BECAS
GARBEROGLIO Fernando Fabio
artículos
Título:
EARLIEST TUATARA RELATIVE (LEPIDOSAURIA: SPHENODONTINAE) FROM SOUTHERN CONTINENTS
Autor/es:
APESTEGUÍA, SEBASTIÁN; GARBEROGLIO, FERNANDO; GÓMEZ, RAÚL
Revista:
AMEGHINIANA
Editorial:
ASOCIACION PALEONTOLOGICA ARGENTINA
Referencias:
Lugar: Buenos Aires; Año: 2021 vol. 58 p. 416 - 441
ISSN:
0002-7014
Resumen:
The New Zealand tuatara (Sphenodon) is the sole survivor sphenodontian of a once thriving group across Pangea during early Mesozoic times. Outside New Zealand, close relatives of the tuatara (sphenodontines) are known from a few Jurassic records in North America and Europe and from end-Cretaceous fragmentary remains in Patagonia, but the evolutionary relationships of most of them remain elusive. Here we describe a new sphenodontine, Tika giacchinoi gen. et sp. nov., based on well-preserved cranial and postcranial remains from upper levels of the Candeleros Formation (Cenomanian) at the Konservat-Lagerstätte of ?La Buitrera Paleontological Area? in northern Patagonia, Argentina.
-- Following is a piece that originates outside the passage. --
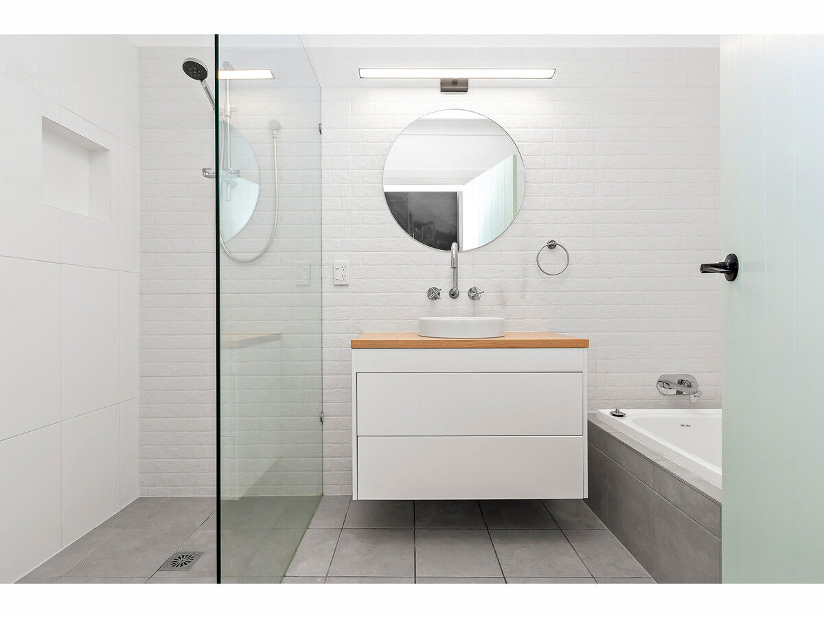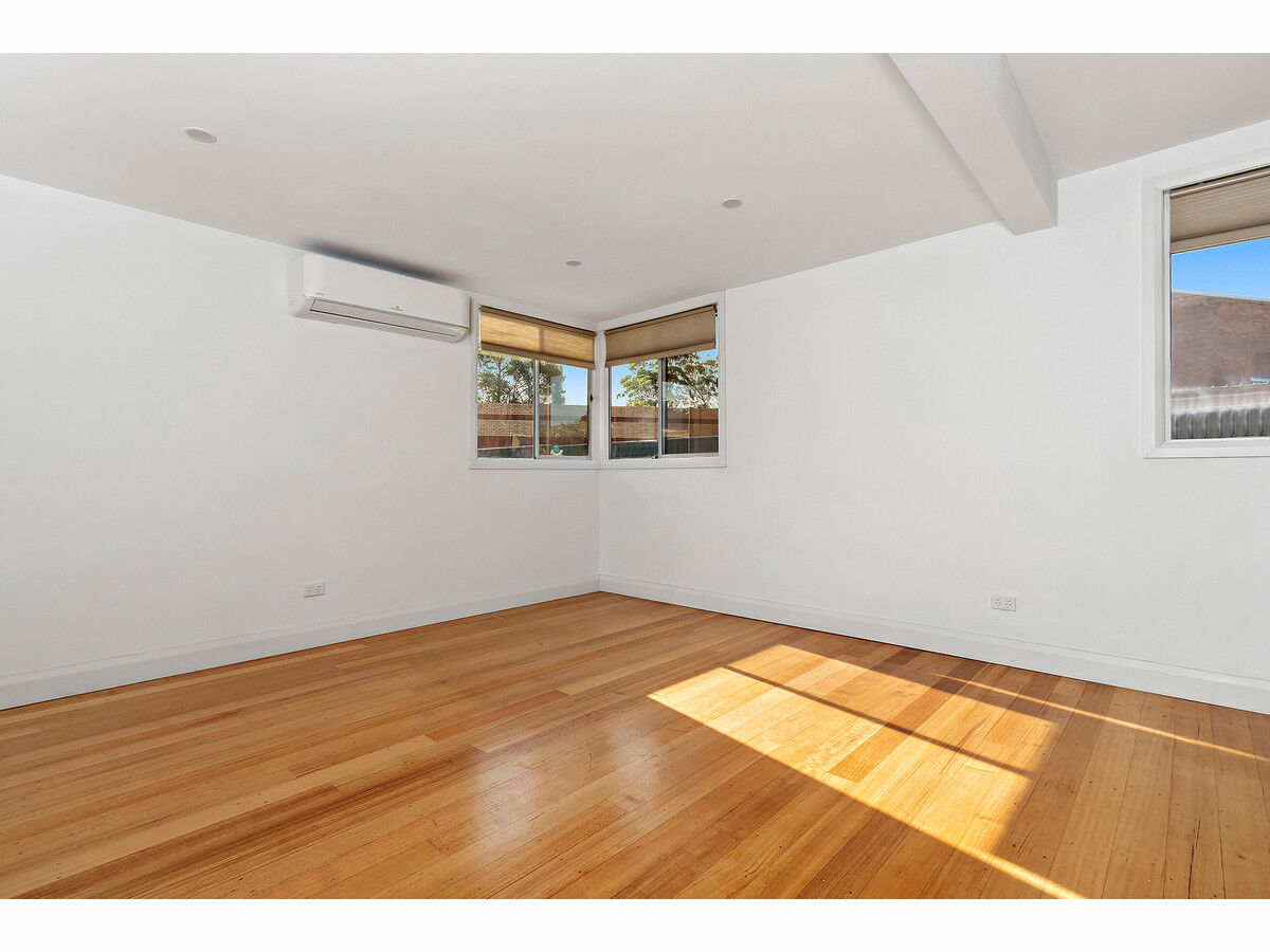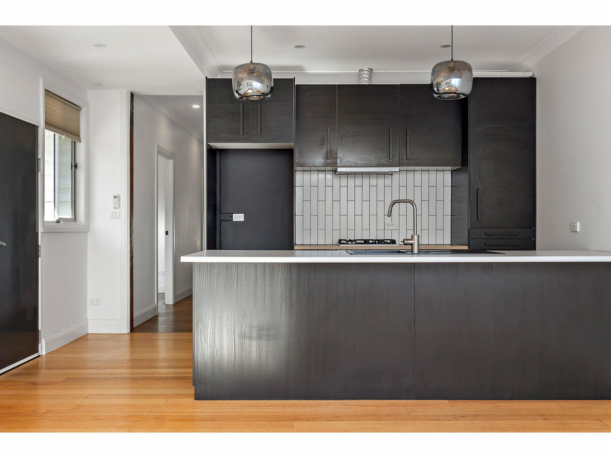 Inside is spacious with three bedrooms with two bedrooms having built in robes, sleek and stylish family bathroom. Large open plan air-conditioned living, dining area with matt black bespoke kitchen with feature pendant, gas cooking, dishwasher and good storage.
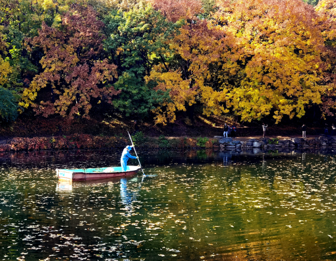为了最美倒影 工人一天打捞落叶300多斤

Our phylogenetic analysis recovered Tika as a close relative of the tuatara, together with Laurasian and Patagonian taxa. The new finding represents the oldest certain sphenodontine from Gondwanan continents and reinforces the idea that particular terrestrial ectothermic tetrapods attained a circumantarctic Cretaceous-Tertiary distribution. As the extant tuatara, Tika is estimated to have fed upon a variety of prey items including small vertebrates, being ecologically distinct from the large herbivorous sphenodontians already known from La Buitrera. Tika expands the known diversity of sphenodontians during the Late Cretaceous in Patagonia, indicating that, despite already declined or extinct in Laurasia, they were still taxonomic and ecologically diverse in southwestern Gondwana.